- **YOUR TASK**: Leave every image out, and print the remaining lines below exactly.

- **COLLECTED MATERIAL**:
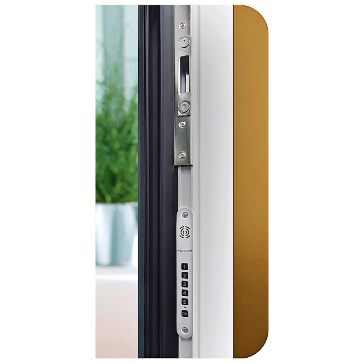 Ud-Wert 0,95 W/m²K, inklusive elektronischem Alarm, Automatikfunktion und Magnettechnik, inklusive Stoßgriff 80 cm, Drücker, Sicherheitsschließzylinder mit 5 Schlüsseln und Sicherheits-Kernziehschutzrosette.
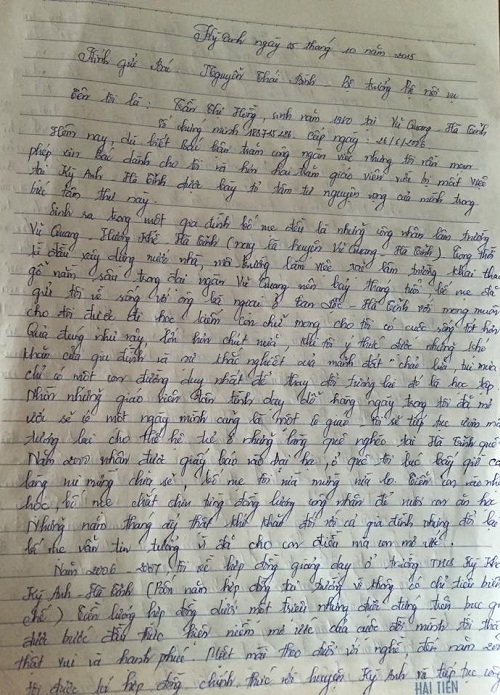 Bức thư của cô giáo Trần Thị Hồng gửi Bộ trưởng Nguyễn Thái Bình |
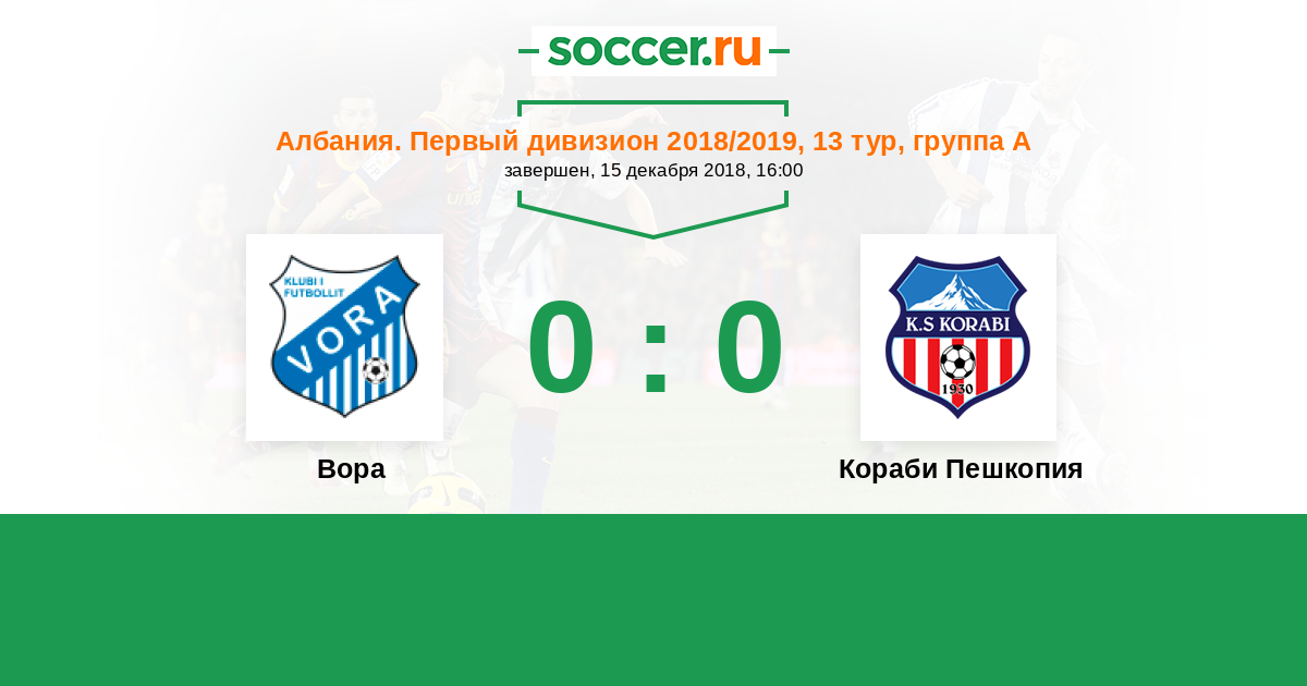 Вора - Кораби Пешкопия: обзор матча 15 декабря 2018

- **ANSWER TO THIS EXERCISE**:
 Ud-Wert 0,95 W/m²K, inklusive elektronischem Alarm, Automatikfunktion und Magnettechnik, inklusive Stoßgriff 80 cm, Drücker, Sicherheitsschließzylinder mit 5 Schlüsseln und Sicherheits-Kernziehschutzrosette.
 Bức thư của cô giáo Trần Thị Hồng gửi Bộ trưởng Nguyễn Thái Bình |
 Вора - Кораби Пешкопия: обзор матча 15 декабря 2018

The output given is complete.